Without taking away that initial accomplishment, the big target is publication. Publication brings with it a seal of quality. Someone else thinks the writer's work is worth reading - or marketable, with functional sentences, in the case of paranormal romance - and will get it out there. But there's still a long way to go between completion of a first draft and the shelves of Waterstone's. There's the editing process to complete, hard work in itself, then a potential second draft, and then the next edit. I seriously doubt many writers are so gifted that they could write a 70,000-word novel and have it published without some degree of editing taking place.

Yet the platform exists that means a writer can now do just that. Self-publishing has always been an easy way out, but in years gone by it was frowned upon as a refuge for the desperate and the vain. Thanks to Amazon - and in particular the Kindle - it seems that this is no longer the case. The Kindle marketplace is flooded with self-published books published through Amazon's own service, most of which should never have seen the light of day.

Remember what I said above. The traditional model for publishing has the quality control checks in place. Whilst an editor's second job may be concerned with a book's marketability, their first job remains to edit. A story I heard some time back concerned high fantasy author and teenagers' favourite Terry Brooks and surrounded the time he submitted his second novel's manuscript to noted publisher Lester Del Rey. Del Rey insisted Brooks re-structure and re-write the entire middle third of the novel that went on to become The Elfstones of Shannara. Brooks himself accepts that this made him go back and consider where he'd gone wrong, and credits Del Rey's decision with making him a better writer. Although this is an extreme example (Brooks may have had to re-write 60-70,000 words in total), it demonstrates what editors do. If your work isn't up to scratch, and they consider you to have the talent, they'll throw it back at you and force you to write to the required standard. Even if you personally don't agree with changes they make, they'll make you think about your writing. Where in self-publishing does this quality control exist? The answer is simple: nowhere.

It may be the popular option, but it encourages mediocrity. Having read 20% of one self-published book available on the Kindle, I gave up. This isn't because the fantasy story grated on me (even though it did - an editor wouldn't let so many clichés past him, if nothing else), but because the author had clearly not edited properly, and nor had they thought about what they were writing. Use of 'arctic' and 'Baltic' to describe the weather conditions makes sense in our world, but in a fantasy world where neither the Arctic nor the Baltic regions actually exist using them to describe the weather makes no sense. Give an editor ten minutes with the original manuscript and they could improve it to the point where such stupid errors weren't made.

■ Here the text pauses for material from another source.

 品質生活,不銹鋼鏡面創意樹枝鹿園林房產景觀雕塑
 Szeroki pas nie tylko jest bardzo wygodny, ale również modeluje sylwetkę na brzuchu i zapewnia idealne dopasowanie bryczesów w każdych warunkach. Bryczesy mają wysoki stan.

On a forum I moderate I consistently see people talking about the benefits of self-publishing. Yes, it's easy. Yes, it may mean more money in your pocket in a shorter period of time. But I have to rebut any argument someone makes on those grounds as being rubbish. No one ever celebrated easy achievements. And because of the dirge of self-published works we're seeing at the moment, the argument that it's more money in your pocket is only relevant if you're incredibly lucky and sell thousands - unlike the hundreds of thousands of other novels that end up going for free as people try to encourage reviews that will get people to buy their work.

I don't want to read low quality fiction. It does nothing for me. I want something where I don't notice horrible use of language every ten sentences, and I want to read something with structure and poise and elegance. I want to read fiction of high quality, and for that reason I will only read material that comes through the traditional model. And I will continue to aspire to write something that gets published through that model. At least that way I will have a real sense of accomplishment at the end of one day in the future.